Updated | Venice Commission praises Maltese steps towards adequate checks and balances

Venice Commission welcomes constitutional and legislative proposals but also wants MPs to start addressing unconstitutional laws decree by high court • Robert Abela says this is an unprecedented first set of reforms to strengthen good governance

Updated at 6:25pm with Robert Abela's comments

The Venice Commission has welcomed several proposals for constitutional and legislative changes by the Maltese government, in an opinion adopted today.

The proposed changes came in response to a December 2018 opinion by the Council of Europe body on Constitutional arrangements and separation of powers, and the independence of the judiciary and law enforcement in Malta.

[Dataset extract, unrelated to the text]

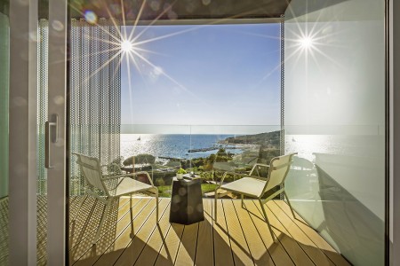 Grand Zimmer: ca. 34-37 m², zwei Einzelbetten (je 110x210 cm) sowie ein Schlafsofa (160x200 cm), Dusche/WC, Balkon zur Meerseite.

The opinion came to the conclusion that in the present Maltese Constitution, the Prime Minister is clearly the centre of political power. “Other actors such as the President, Parliament, the Cabinet of Ministers, the judiciary or the Ombudsman, have too weak an institutional position to provide sufficient checks and balances,” the Commission said.

Now the Maltese government has made proposals for legislative changes that attempt to implement many of these recommendations, as well as further legislative change.

“The Venice Commission welcomes the efforts of the Maltese authorities to implement various recommendations of its 2018 Opinion and welcomes that they do so based on a dialogue with the Commission. The Proposals would certainly decrease the powers of the Prime Minister, but the current proposals alone will not yet be sufficient to achieve an adequate system of checks and balances. More power should be shifted to the President and Parliament, which need to be strengthened,” the Venice Commission said.

The Venice Commission however also wants the Chief Justice to be elected by the judges of the Supreme Court in the absence of an agreement of two-thirds of the MPs for his or her election, as an anti-deadlock mechanism.

It also wants to oblige Parliament to act on the basis of decisions of the Constitutional Court finding a legal provision unconstitutional, as well as on recommendations by the Ombudsman and of the Commissioner for Public Standards on the domestic level, and the GRECO recommendations on the international level.

But the Commission said it was crucial that the current proposals be only part of a wider reform driven by the Constitutional Convention. “With a guided and structured dialogue opened between all stakeholders, not least civil society, the Convention should look into the overall constitutional design of the country,” the Commission said.

Prime Minister Robert Abela said the proposed changes were an "unprecedented first set of reforms to strengthen good governance", welcoming the Venice Commission's opinion.

He said the draft laws were prepared and will be presented to parliament from next week so that the reforms can be undertaken as swiftly as possible. Abela said the changes will strengthen Malta's reputation abroad and are a crucial step to enhance the systems of checks and balances in a democracy.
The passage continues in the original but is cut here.